- _About this exercise_:
Would you reproduce, word for word, only the lines running from the top of the data through the line containing "Men Texas A", and none of the pictures?

======== Data for this task ========

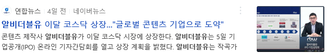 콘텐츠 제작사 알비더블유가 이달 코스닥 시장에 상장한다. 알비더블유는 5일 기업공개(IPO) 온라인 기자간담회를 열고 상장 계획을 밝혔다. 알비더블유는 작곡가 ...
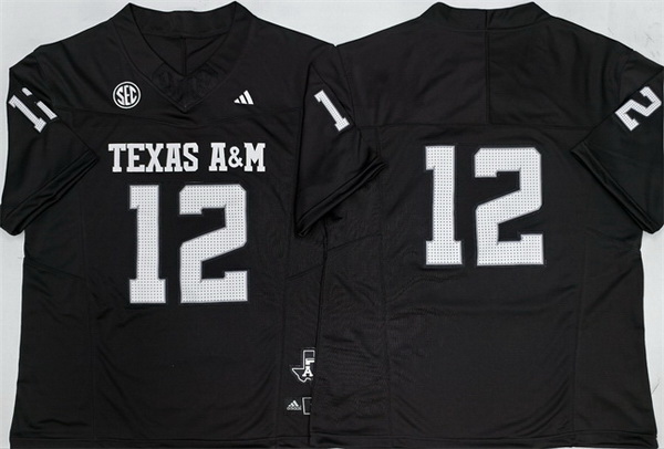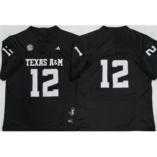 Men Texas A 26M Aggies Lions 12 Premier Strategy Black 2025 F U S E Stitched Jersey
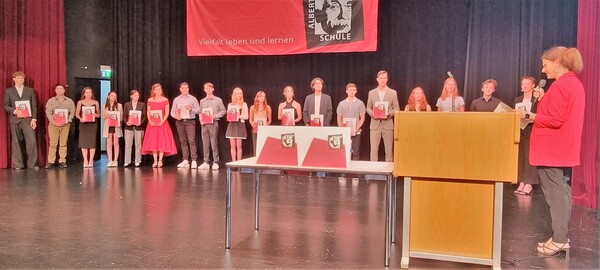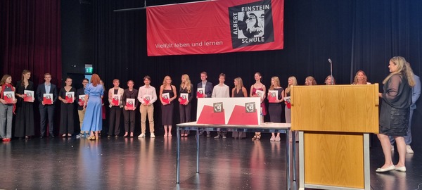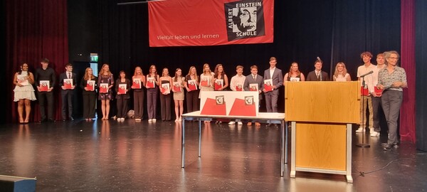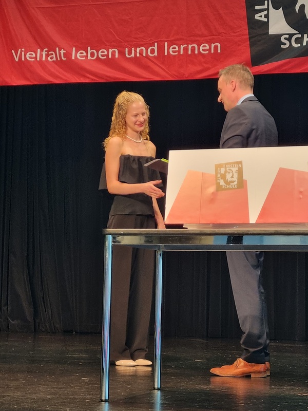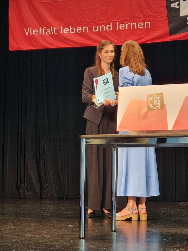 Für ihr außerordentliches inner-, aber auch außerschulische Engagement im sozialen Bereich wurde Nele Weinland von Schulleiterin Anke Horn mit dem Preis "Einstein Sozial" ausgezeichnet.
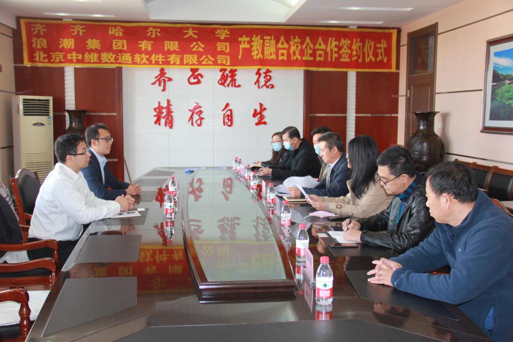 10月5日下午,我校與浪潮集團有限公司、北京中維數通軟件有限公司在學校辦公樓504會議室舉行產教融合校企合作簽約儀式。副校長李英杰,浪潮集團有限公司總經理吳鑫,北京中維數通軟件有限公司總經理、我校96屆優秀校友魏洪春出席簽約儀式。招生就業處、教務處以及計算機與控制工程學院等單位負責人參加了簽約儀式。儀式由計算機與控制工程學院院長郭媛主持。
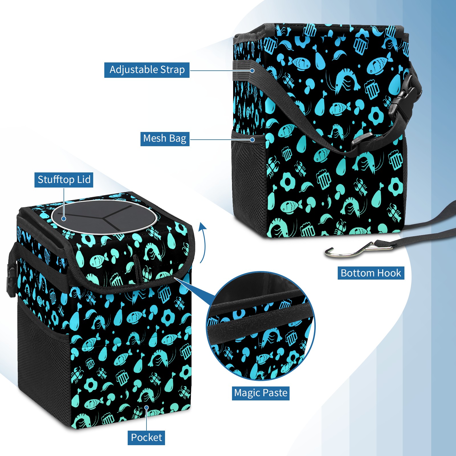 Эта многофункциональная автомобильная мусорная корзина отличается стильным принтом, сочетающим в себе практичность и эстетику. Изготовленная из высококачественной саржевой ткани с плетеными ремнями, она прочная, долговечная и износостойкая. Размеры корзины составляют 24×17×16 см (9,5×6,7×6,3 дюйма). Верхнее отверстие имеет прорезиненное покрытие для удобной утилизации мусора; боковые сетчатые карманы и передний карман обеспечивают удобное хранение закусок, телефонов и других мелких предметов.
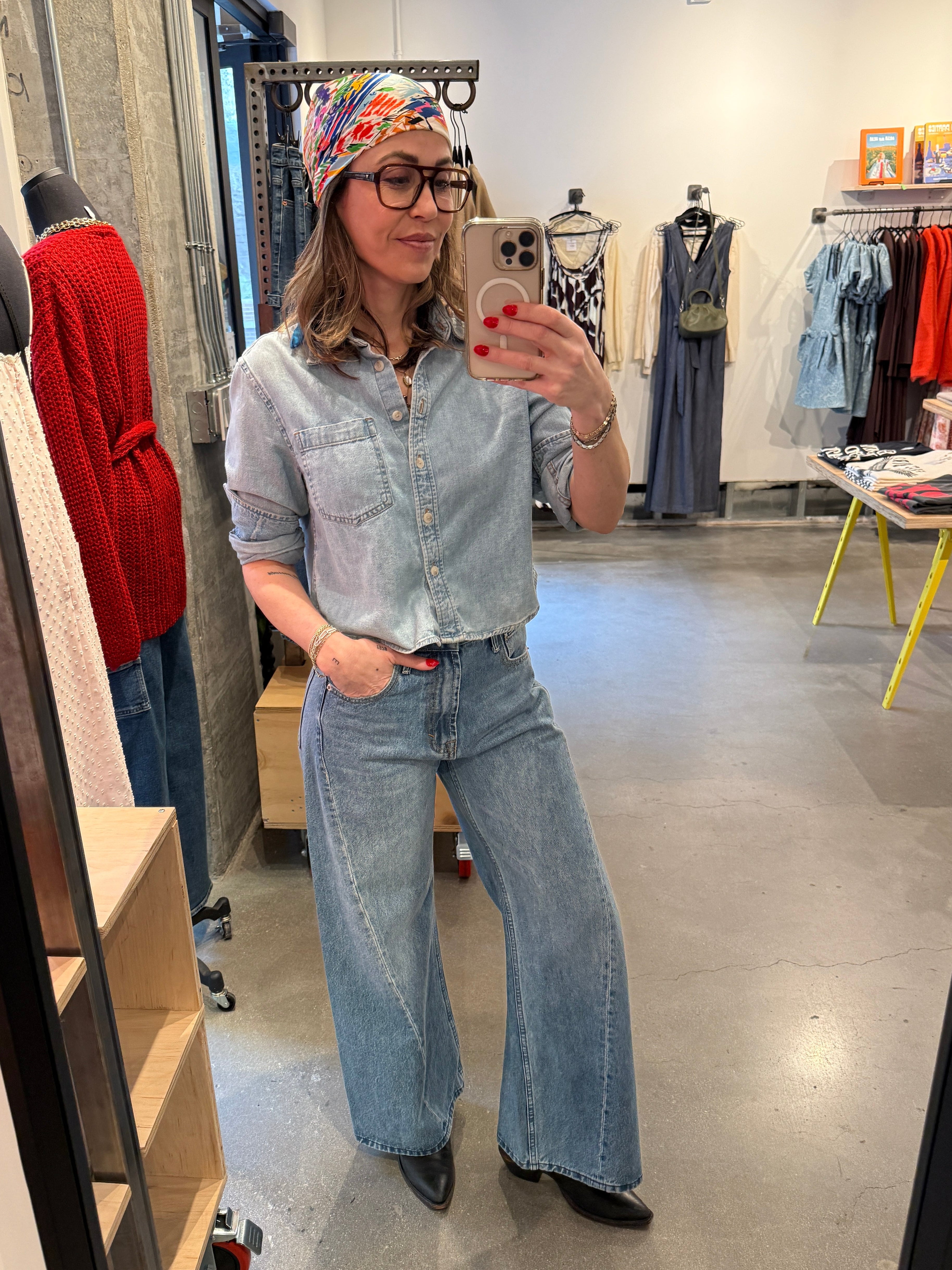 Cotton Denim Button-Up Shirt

========

- _Result for this exercise_:
 콘텐츠 제작사 알비더블유가 이달 코스닥 시장에 상장한다. 알비더블유는 5일 기업공개(IPO) 온라인 기자간담회를 열고 상장 계획을 밝혔다. 알비더블유는 작곡가 ...
 Men Texas A 26M Aggies Lions 12 Premier Strategy Black 2025 F U S E Stitched Jersey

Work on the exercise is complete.